Crate bset[][src]

Fast and compact sets of bytes or ASCII characters, useful for searching, parsing and determining membership of a given byte in the given set. They don’t use any allocation, nor even any std features. In fact, all of the provided functions are const, so they can be freely constructed at the compile time

Sets

This crate exports two set types - ByteSet for a set of general bytes and AsciiSet for a set restricted to the range of ASCII characters.

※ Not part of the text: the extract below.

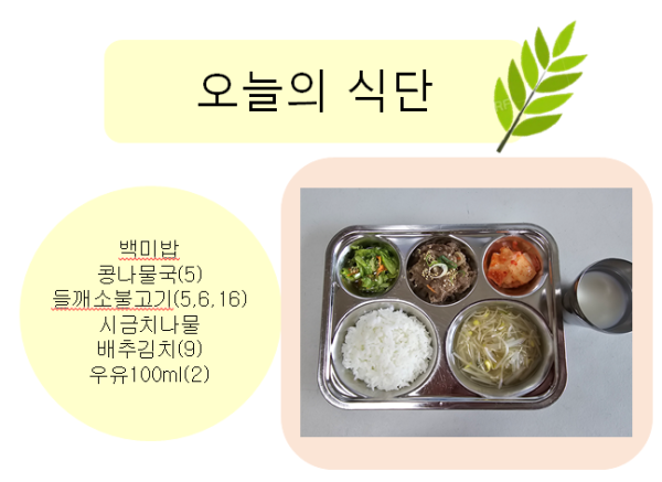 2024년 9월 26일 오늘의 식단 페이지 정보 작성자 슬기유치원 작성일24-09-26 13:12 조회6,620회 댓글0건 관련링크 이전글 다음글 목록 본문 *시금치 수급 사정으로 상추로 대체 댓글목록 등록된 댓글이 없습니다. 이전글 다음글 목록

The is two times smaller in the memory, but comes with a slight performance trade-off in having to check whether the given character belongs to the ASCII range.

use bset::AsciiSet;

const OP: AsciiSet = AsciiSet::new().add_bytes(b"+-*/%&|^");
assert!(OP.contains(b'%'));

The sets are implemented as an array of pointer-sized bit masks.

Stack of sets

Inspired by this article by Maciej Hirsz, this crate provides a way to stack multiple sets into one structure to gain even more performance. To not slow it down, sets are “obtained” from the given stack at the type level. For this, the module bits contains types B0, B1, …, B7 representing indices of a set in the stack. Because const fns currently don’t support generic functions, the sets are indexed by the order they were added to the stack. Type aliases can be used to identify the sets within the stack:

use bset::{bits::*, ByteSet, ByteStack};
 
const BYTE_STACK: ByteStack<B3> = ByteStack::new()
    .add_set(ByteSet::DIGITS)
    .add_set(ByteSet::ALPHABETIC)
    .add_set(ByteSet::new().add_bytes(b"+-*/%&|^"));
type Digits = B0;
type Alphabetic = B1;
type Operations = B2;
assert!(BYTE_STACK.contains::<Operations>(b'%'));

Again, there are two versions, ByteStack for all bytes and AsciiStack restricted to the ASCII range. Benchmarks show that testing the set membership is about 20% faster with stacked sets. They come with 8 times larger memory size (128/256 bytes vs. 16/32), which does not increase with the stacks added, so when 8 sets (the maximum number) are used in one stack, the memory size is equivalent.

Modules

bits

Types that denote the position of a byte set within a byte stack.

Structs

AnyByteSet

A compact set of bytes. Only particular instances - AsciiSet and ByteSet can be constructed.

AnyByteStack

A compact stack of up to 8 byte sets for fast lookup. Only particular instances - AsciiStack and ByteStack can be constructed.

Constants

ASCII_RANGE_LEN

Range of ASCII characters.

BITS_PER_CHUNK

Number of bytes in one chunk of the mask.

CHUNKS

Number of chunks in the ASCII set.

CHUNK_SIZE

Size of one chunk of the mask in the implementation of byte sets.

Type Definitions

AsciiSet

A compact set of ASCII bytes. Spans only 16 bytes.

AsciiStack

A compact stack of up to 8 ASCII sets for fast lookup.

ByteSet

A compact set of all bytes. Spans only 32 bytes.

ByteStack

A compact stack of up to 8 full byte sets for fast lookup.